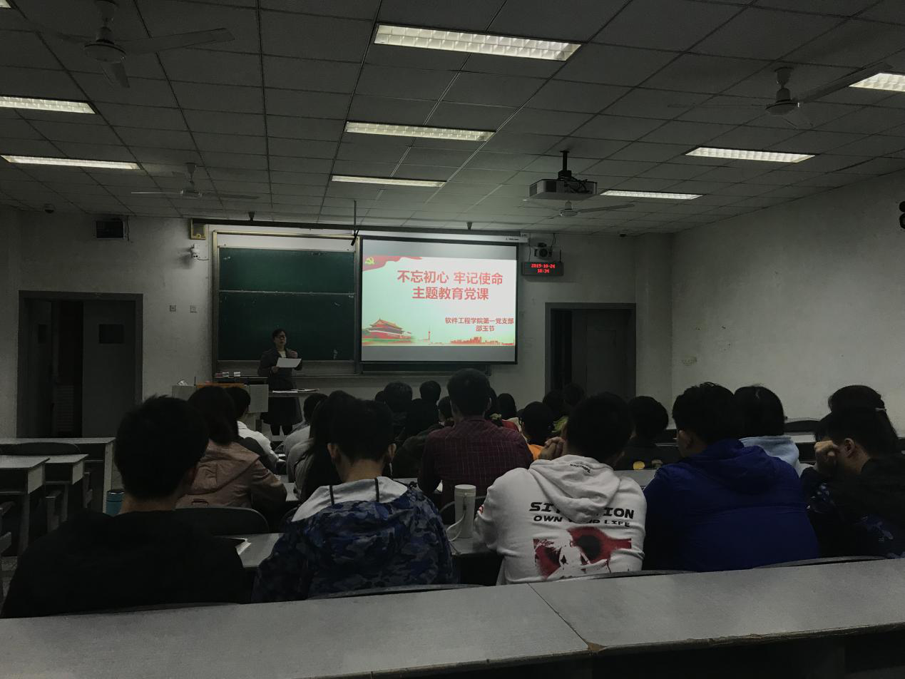 2019年10月24日晚上,英国威廉集团官网学生第一党支部在H1108教室召开“不忘初心、牢记使命”主题教育,支部书记邵玉节以“新时代党员如何强化担当与责任”为题,为支部全体党员讲授专题党课。
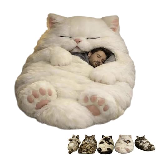 Cat Sleeping Bag for Human,Machine Washable fluffy cat sleeping bag for adults,Adorable Cat Envelope SleepingBag,Ultra-Soft Wearable Blanket & Plush Cat Bed,Cozy Napping Sack,for Cat Lovers (#C)
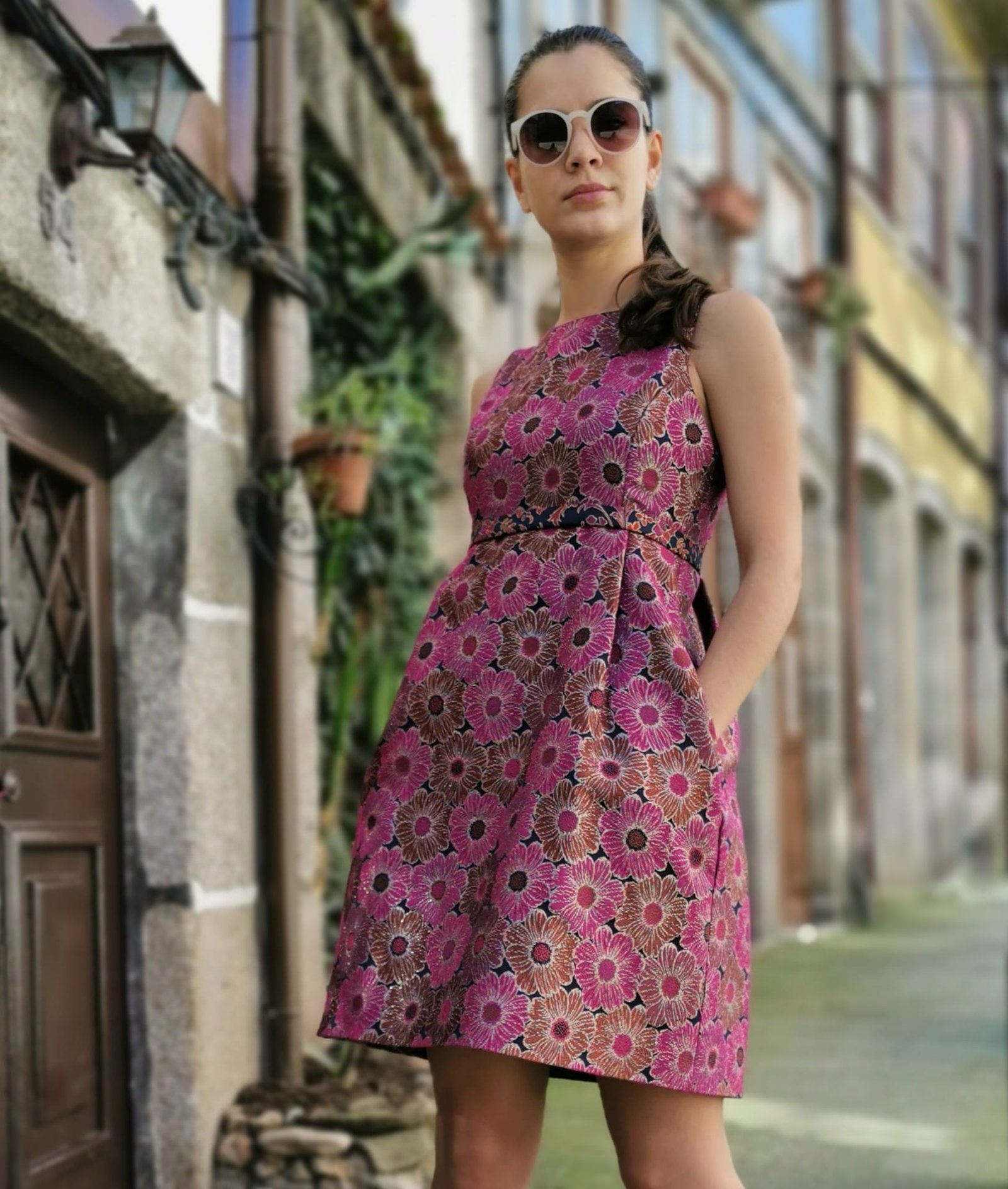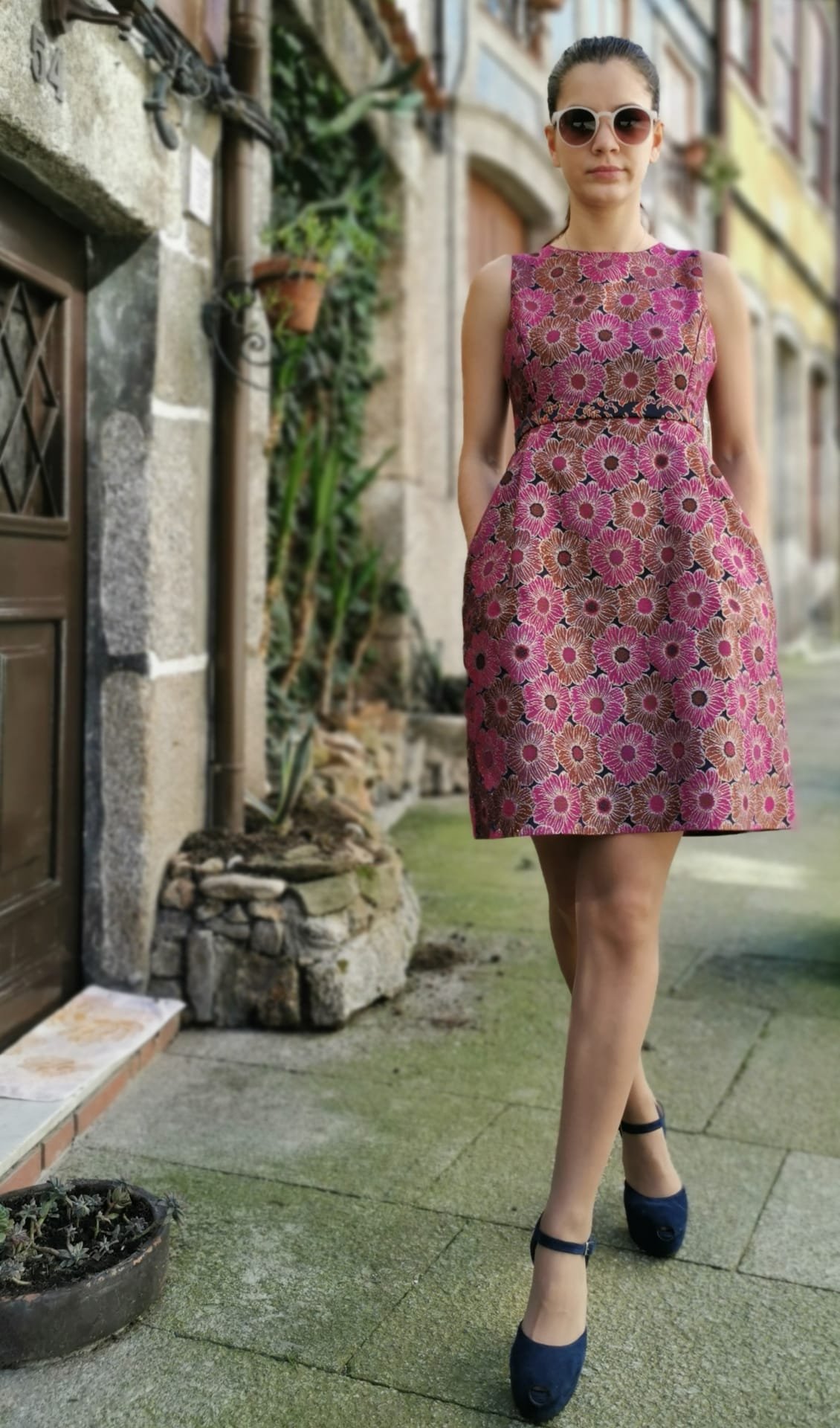 Vestido em brocado Multicolor, bolsos metidos nas laterais, aperta atrás com fecho invisível e cinto fixo em contrate.
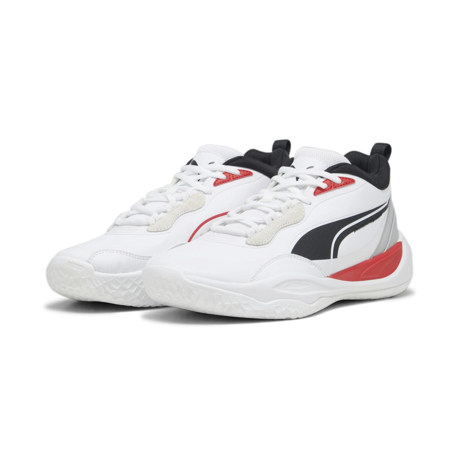 La Playmaker Pro reprend l’ADN de la ligne Puma Hoops, avec un marquage de la semelle intermédiaire et des superpositions lifestyle, le tout dans un ensemble performant jouable au plus haut niveau. La version intermédiaire a un col plus haut autour de la cheville que la version basse.
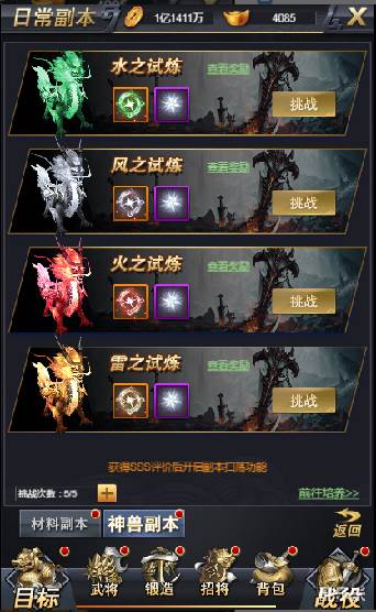 神兽副本分为四个试炼之地,每个试炼之地都产出通用材料上古晶魂
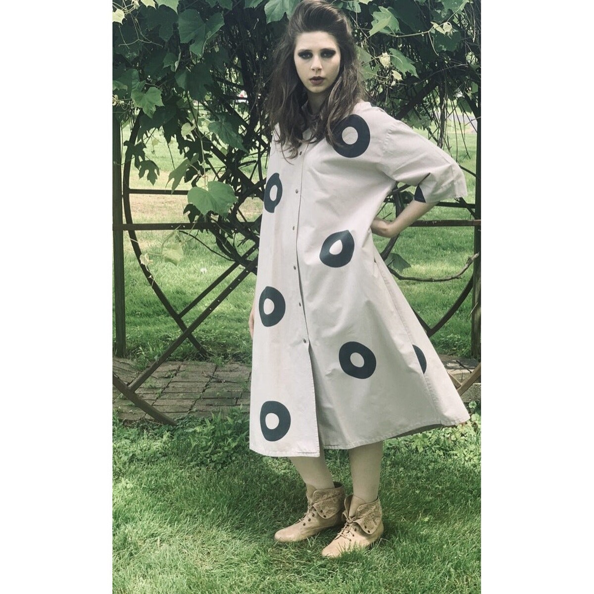 Vintage Vuokko heavy cotton dress/coat in beige with iconic dark gray op art circle pattern. Features a roomy A-line silhouette, side seam pockets, elbow-length sleeves, and silvery snap closures down the front. Designed to be worn as either a dress or coat, this piece embodies Scandinavian modernism and is both rare and collectible.
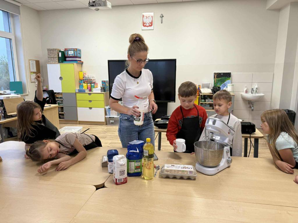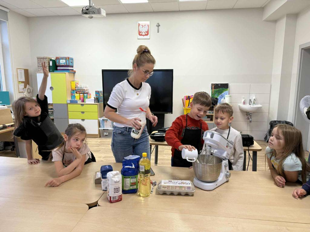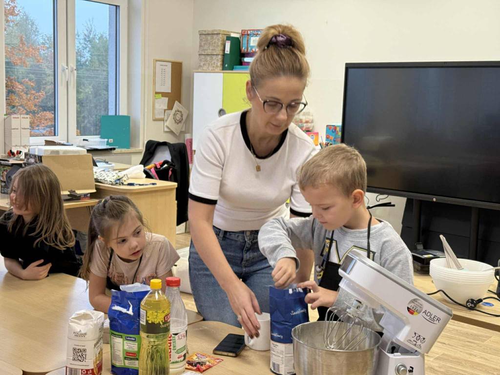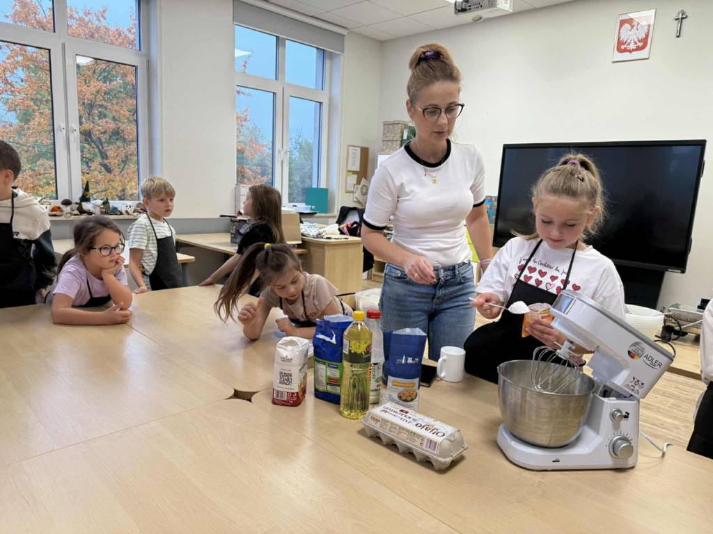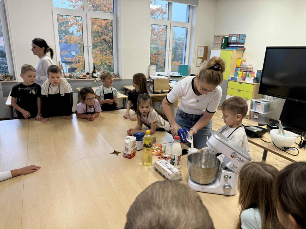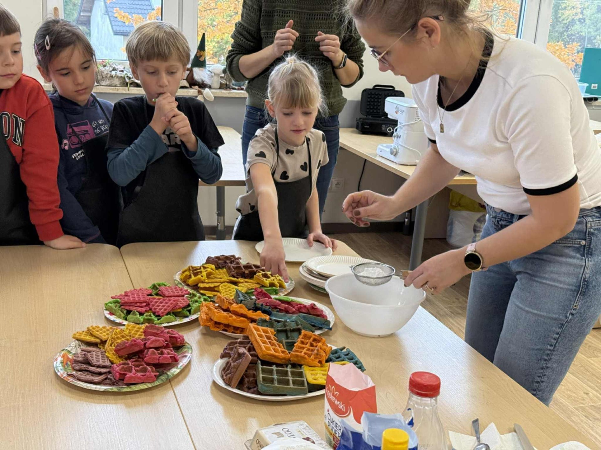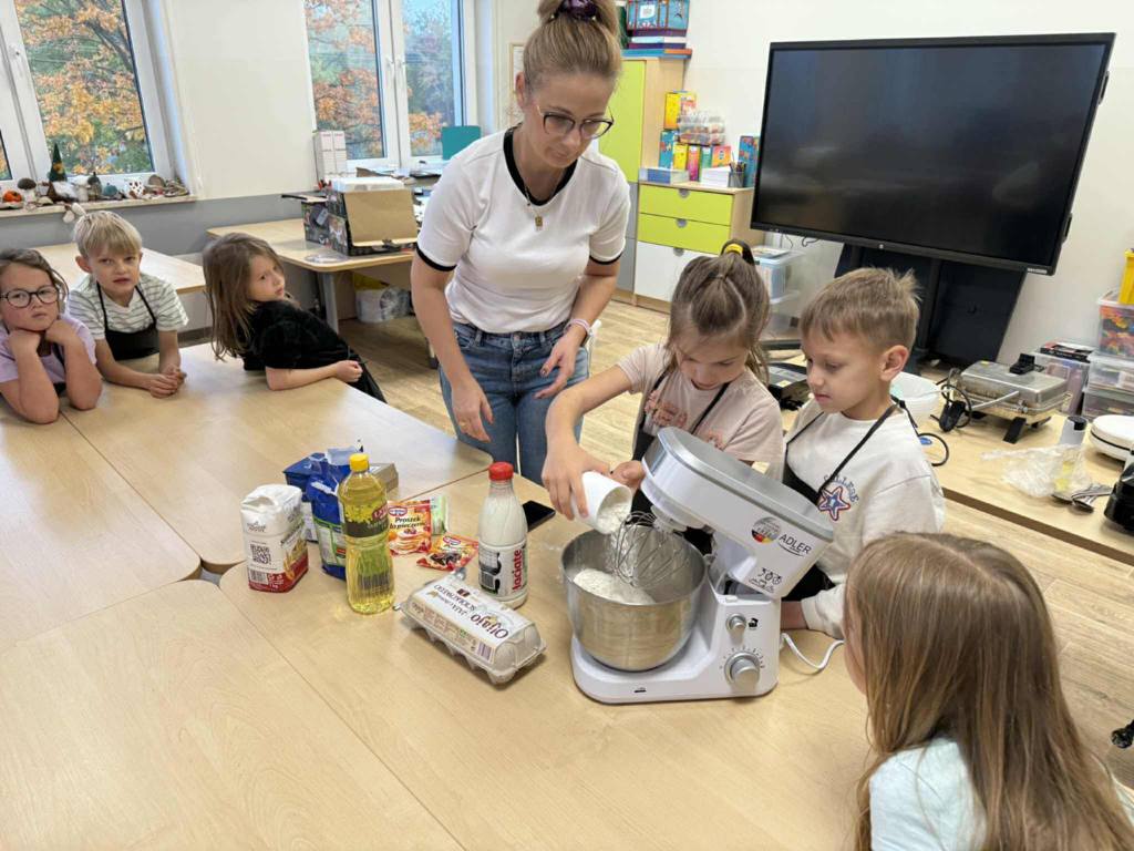 Następnie z wielkim zapałem zabrali się do pracy: odmierzali składniki, wsypywali do miski i mieszali używając robota kuchennego. Upieczone gofry były przepyszne!!!
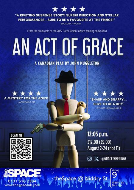 An Act of Grace by John Muggleton is a highly acclaimed, dark comedic thriller and "whodunit" play featuring sharp dialogue, strong performances, and multiple plot twists, often described as a gripping "rollercoaster". Originally an Ottawa Little Theatre production, it garnered 4-5 star reviews during its 2024 Edinburgh Festival Fringe run.
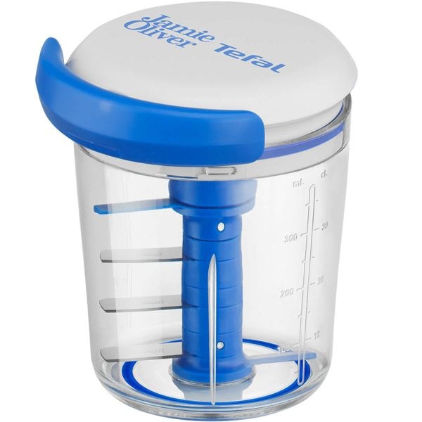 Jamie Oliver Chop & Shaker är ett smart och mångsidigt redskap som förenklar matlagningen och ger dig möjlighet att snabbt hacka och blanda ingredienser till allt från salsa och pesto till marinader och dressingar. Med en kapacitet på 450 ml, ett robust dragsystem och sylvassa knivblad i rostfritt stål klarar den även hårda ingredienser som nötter och morötter. Ju fler drag du gör med handtaget, desto finare hackas innehållet – och när det är dags att blanda i flytande ingredienser är det bara att skaka hela behållaren.
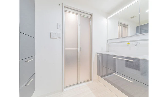 洗面室はすっきりとした空間にするために、三面鏡とボウル一体型カウンターの洗面台を採用しました。また、リネン庫トールキャビネットと面材を合わせることで統一感を持たせました。
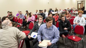Participants at Venture Launch Weekend, an entrepreneurial development program held at the University of Mississippi, listen to a point being made during the presentaitons. Photo courtesy Mabus Agency
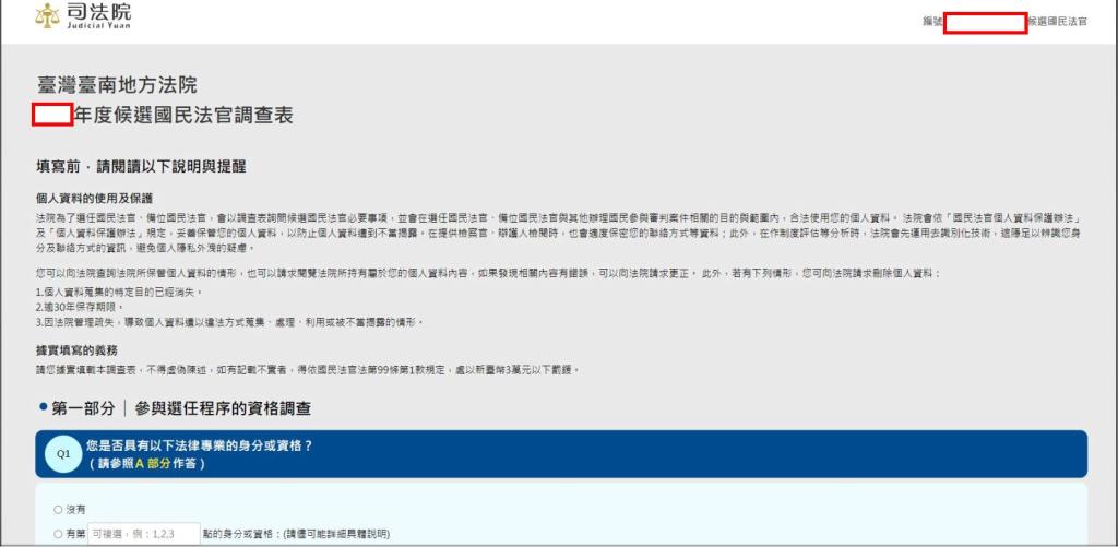候選國民法官調查表之線上填載
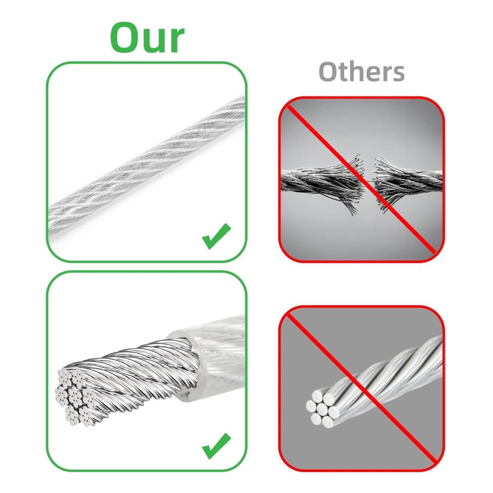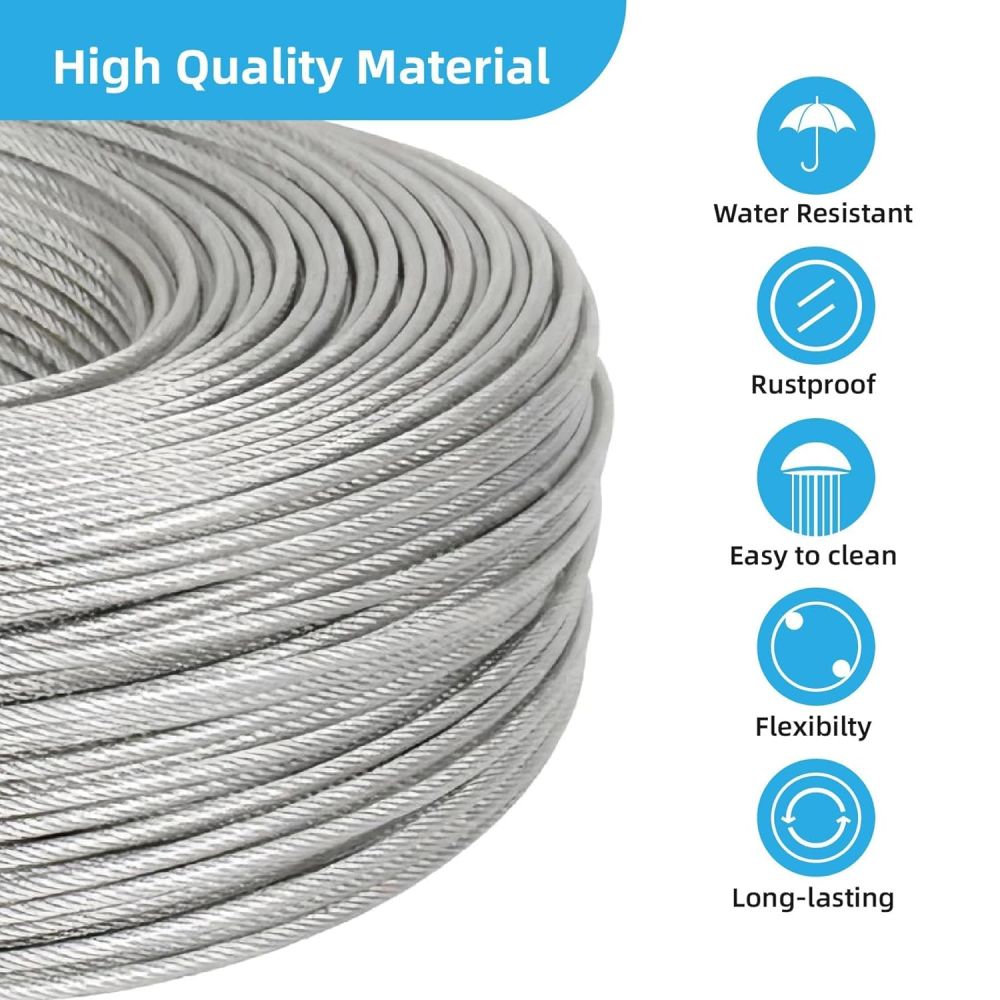 Denne alsidige og holdbare stålwire er fremstillet af 304 rustfrit stål med en 7x7 flettet struktur, hvilket giver høj styrke og fleksibilitet. Wiren er PVC-belagt, hvilket gør den vandafvisende, isoleret og modstandsdygtig over for korrosion – ideel til både indendørs og udendørs brug. Perfekt til havearbejde, terrassedekoration, ophæng, gør-det-selv-projekter og meget mere. Leveres med 20 aluminiums-klemmer, så du nemt kan fastgøre eller samle wiren efter behov.
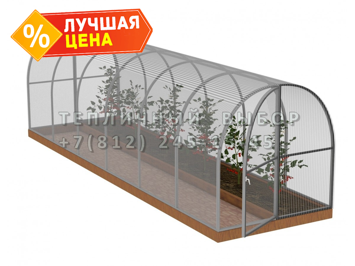 Теплица из поликарбоната Арочная 1,6х6 h=1.68 м профиль 20х20 мм
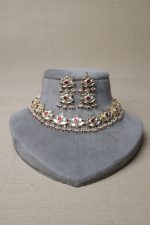 Categories: Kundan Heritage, Necklace Tags: Choker, necklace set, pearls, semi precious stones

== EXERCISE OBJECTIVE ==
Only one stretch of the listing is wanted: the lines starting at the one with "La Playmaker Pro" and ending at the one with "Następnie z wielkim", copied exactly and free of pictures.

== TASK OUTPUT ==
 La Playmaker Pro reprend l’ADN de la ligne Puma Hoops, avec un marquage de la semelle intermédiaire et des superpositions lifestyle, le tout dans un ensemble performant jouable au plus haut niveau. La version intermédiaire a un col plus haut autour de la cheville que la version basse.
 神兽副本分为四个试炼之地,每个试炼之地都产出通用材料上古晶魂
 Vintage Vuokko heavy cotton dress/coat in beige with iconic dark gray op art circle pattern. Features a roomy A-line silhouette, side seam pockets, elbow-length sleeves, and silvery snap closures down the front. Designed to be worn as either a dress or coat, this piece embodies Scandinavian modernism and is both rare and collectible.
 Następnie z wielkim zapałem zabrali się do pracy: odmierzali składniki, wsypywali do miski i mieszali używając robota kuchennego. Upieczone gofry były przepyszne!!!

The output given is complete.